An API model is the result of several training stages. Pretraining learns statistical structure from a large corpus. Supervised fine-tuning (SFT) teaches the model to produce assistant responses in desired formats. Preference optimization changes the relative likelihood of plausible responses. Some reasoning models add reinforcement learning against verifiable outcomes. Each stage uses different data and a different objective, so a failure introduced in one stage cannot always be repaired by another.
Definition
The InstructGPT pipeline established a widely used sequence: pretraining, SFT, reward-model training, and reinforcement learning. “Post-training” now covers SFT and the preference or reinforcement stages applied after the base model is trained. Direct preference methods can replace the separate reward model and PPO loop, while verifiable tasks can use deterministic rewards.
Stage 1: Pretraining
Pretraining minimizes next-token cross-entropy over a large, cleaned corpus containing text, code, mathematics, dialogue, and other sources. Every token position supplies a training target. The output is a base model that can continue many kinds of text but has not necessarily learned the turn structure or response policy expected from a chat assistant.
The corpus determines much of the model’s factual coverage and linguistic capability. Later training can make existing capability easier to elicit and can teach limited new behavior, but it is an inefficient way to maintain changing factual knowledge. Retrieval is usually better suited to knowledge injection.
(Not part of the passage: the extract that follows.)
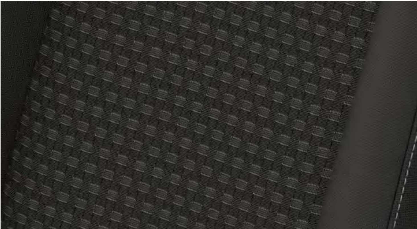
Assise de siège en tissu Capitol, coloris Ebony et rembourrage latéral en tissu City, coloris Ebony De série sur Trend/Limited
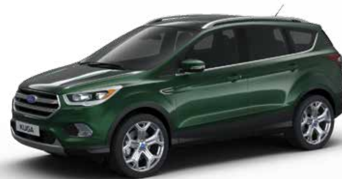
ירוק אינסטינקט (0FQ)

Base-model behavior also follows the distribution of its corpus rather than a product policy. Chat templates, refusal patterns, tool-call formats, and other interface conventions are introduced during post-training. This is why evaluating a base checkpoint with an instruction-tuned prompt can produce misleading results.
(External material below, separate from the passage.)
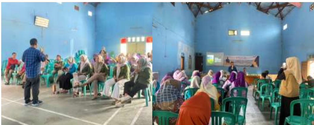
Gambar. 2 Proses tanya jawab materi

Dengan demikian, kegiatan pengabdian masyarakat ini tidak hanya memberikan manfaat langsung bagi koperasi, tetapi juga membuka jalan untuk pengembangan yang lebih berkelanjutan di masa depan.

Stage 2: Supervised Fine-Tuning (SFT)
SFT trains on prompt-and-demonstration examples. The loss is usually masked so only assistant tokens contribute. The model learns the chat template, instruction-response relationship, output formats, and behaviors represented in the demonstrations. Examples may be written by people or distilled from a stronger model.
SFT imitates demonstrations; it does not directly learn a ranking over several acceptable answers. Its behavior reflects the coverage and consistency of the dataset. Conflicting styles average together, rare cases remain weak, and memorized refusal wording may not generalize to adversarial paraphrases. Preference data addresses ranking more directly, although it introduces its own label-quality problems.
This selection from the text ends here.